Dall’esasperazione con cui proferì queste parole mi parve d’intendere a un tratto la vera ragione per cui Pomino era così addogliato. Ecco qua: non tanto Romilda egli forse rimpiangeva, quanto la compagnia che gli era venuta a mancare; Berto non c’era più; con me non poteva più praticare, perché c’era Romilda di mezzo, e che restava più dunque da fare al povero Pomino?
– Ammógliati, caro! – gli dissi. – Vedrai come si sta allegri! Ma egli scosse il capo, seriamente, con gli occhi chiusi; alzò una mano:
– Mai! mai più!
– Bravo, Pomino: persèvera! Se desideri compagnia, sono a tua disposizione, anche per tutta la notte, se vuoi.
E gli manifestai il proponimento che avevo fatto, uscendo di casa, e gli esposi anche le disperate condizioni in cui mi trovavo. Pomino si commosse, da vero amico, e mi profferse quel po’ di denaro che aveva con sé. Lo ringraziai di cuore, e gli dissi che quell’aiuto non m’avrebbe giovato a nulla: il giorno appresso sarei stato da capo. Un collocamento fisso m’abbisognava.
– Aspetta! – esclamò allora Pomino. – Sai che mio padre è ora al Municipio?
– No. Ma me l’immagino.
– Assessore comunale per la pubblica istruzione.
– Questo non me lo sarei immaginato.
– Jersera, a cena… Aspetta! Conosci Romitelli?
– No.
– Come no! Quello che sta laggiù, alla biblioteca Boccamazza. È sordo, quasi cieco, rimbecillito, e non si regge più sulle gambe. Jersera, a cena, mio padre mi diceva che la biblioteca è ridotta in uno stato miserevole e che bisogna provvedere con la massima sollecitudine. Ecco il posto per te!
– Bibliotecario? – esclamai. – Ma io…
– Perché no? – disse Pomino. – Se l’ha fatto Romitelli…
Questa ragione mi convinse.
Pomino mi consigliò di farne parlare a suo padre da zia Scolastica. Sarebbe stato meglio.
Il giorno appresso, io mi recai a visitar la mamma e ne parlai a lei, poiché zia Scolastica, da me, non volle farsi vedere. E così, quattro giorni dopo, diventai bibliotecario. Sessanta lire al mese. Più ricco della vedova Pescatore! Potevo cantar vittoria.
Nei primi mesi fu un divertimento, con quel Romitelli, a cui non ci fu verso di fare intendere che era stato giubilato dal Comune e che per ciò non doveva più venire alla biblioteca. Ogni mattina, alla stess’ora, né un minuto prima né un minuto dopo, me lo vedevo spuntare a quattro piedi (compresi i due bastoni, uno per mano, che gli servivano meglio dei piedi). Appena arrivato, si toglieva dal taschino del panciotto un vecchio cipollone di rame, e lo appendeva a muro con tutta la formidabile catena; sedeva, coi due bastoni fra le gambe, traeva di tasca la papalina, la tabacchiera e un pezzolone a dadi rossi e neri; s’infrociava una grossa presa di tabacco, si puliva, poi apriva il cassetto del tavolino e ne traeva un libraccio che apparteneva alla biblioteca: Dizionario storico dei musicisti, artisti e amatori morti e viventi, stampato a Venezia nel 1758.

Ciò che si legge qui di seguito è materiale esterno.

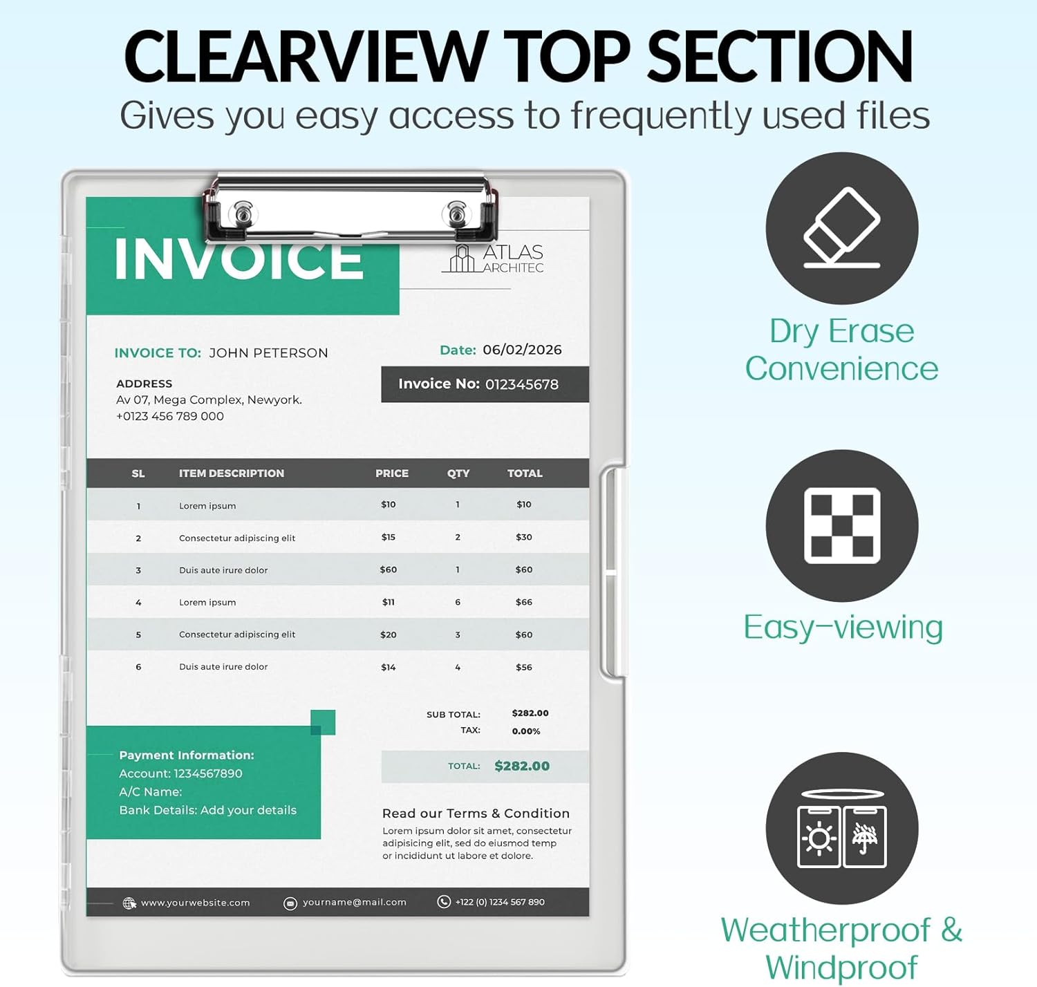 - Dry Erase Top Compartment: The transparent top section is compatible with dry erase markers (not included) and perfect for writing or reusing the same paper. Keeps your rosters and playlists dry and safe even on bad rainy days and gives you easy access to frequently used documents

– Signor Romitelli! – gli gridavo, vedendogli fare tutte queste operazioni, tranquillissimamente, senza dare il minimo segno d’accorgersi di me.

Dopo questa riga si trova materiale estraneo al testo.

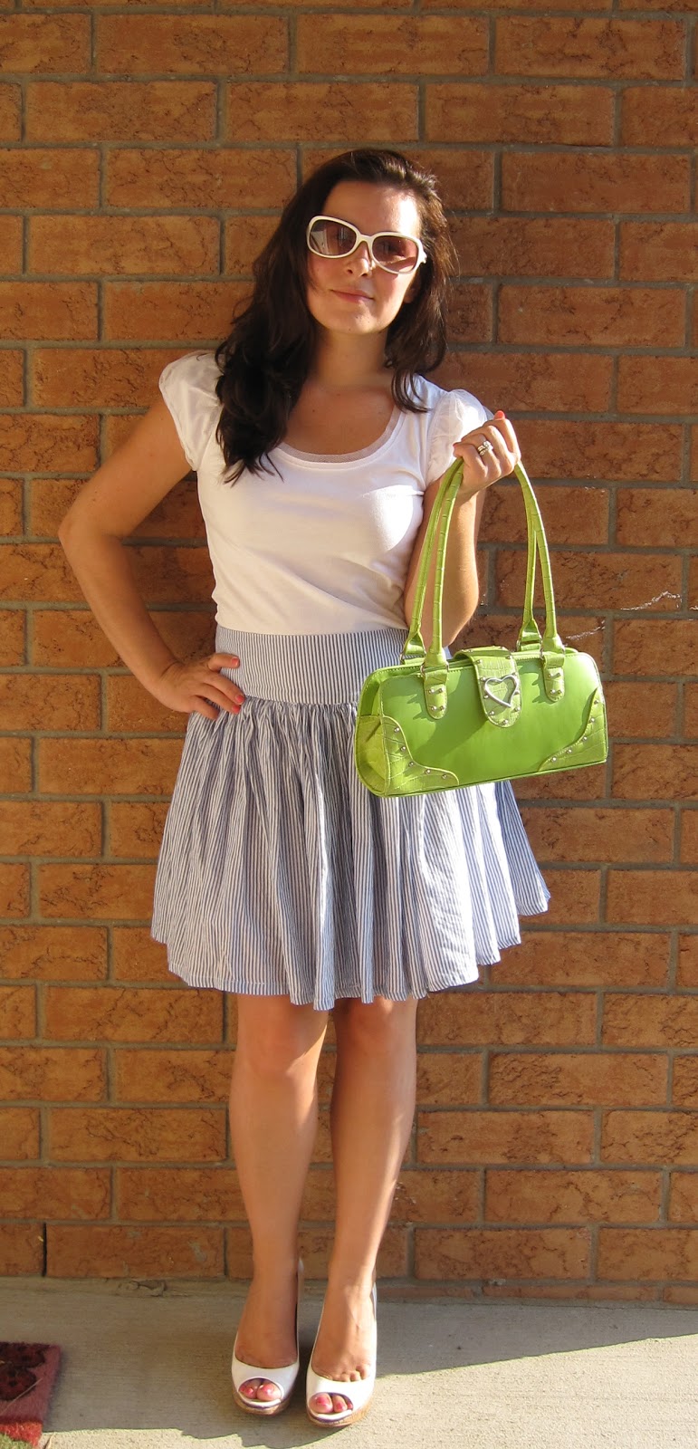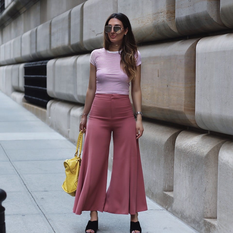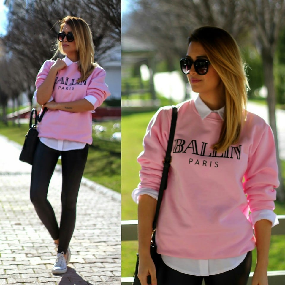 So, for example, a pink bag of medium size, goes well with a black skirt and a white striped blouse.

Ma a chi dicevo? Non sentiva neanche le cannonate. Lo scotevo per un braccio, ed egli allora si voltava, strizzava gli occhi, contraeva tutta la faccia per sbirciarmi, poi mi mostrava i denti gialli, forse intendendo di sorridermi, così; quindi abbassava il capo sul libro, come se volesse farsene guanciale; ma che! leggeva a quel modo, a due centimetri di distanza, con un occhio solo; leggeva forte:
– Birnbaum, Giovanni Abramo… Birnbaum, Giovanni Abramo, fece stampare… Birnbaum, Giovanni Abramo, fece stampare a Lipsia, nel 1738… a Lipsia nel 1738… un opuscolo in-8°… in-8°: Osservazioni imparziali su un passo delicato del Musicista critico. Mitzler… Mitzler inserì… Mitzler inserì questo scritto nel primo volume della sua Biblioteca musicale. Nel 1739…
E seguitava così, ripetendo due o tre volte nomi e date, come per cacciarsele a memoria. Perché leggesse così forte, non saprei. Ripeto, non sentiva neanche le cannonate.

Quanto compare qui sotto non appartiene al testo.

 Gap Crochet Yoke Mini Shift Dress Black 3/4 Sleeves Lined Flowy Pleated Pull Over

Io stavo a guardarlo, stupito. O che poteva importare a quell’uomo, ridotto in quello stato, a due passi ormai dalla tomba (morì difatti quattro mesi dopo la mia nomina a bibliotecario), che poteva importargli che Birnbaum Giovanni Abramo avesse fatto stampare a Lipsia nel 1738 un opuscolo in-8°? E non gli fosse almeno costata tutto quello stento la lettura! Bisognava proprio riconoscere che non potesse farne a meno di quelle date lì e di quelle notizie di musicisti (lui, così sordo!) e artisti e amatori, morti e viventi fino al 1758. O credeva forse che un bibliotecario, essendo la biblioteca fatta per leggervi, fosse obbligato a legger lui, posto che non aveva veduto mai apparirvi anima viva; e aveva preso quel libro, come avrebbe potuto prenderne un altro? Era tanto imbecillito, che anche questa supposizione è possibile, e anzi molto più probabile della prima.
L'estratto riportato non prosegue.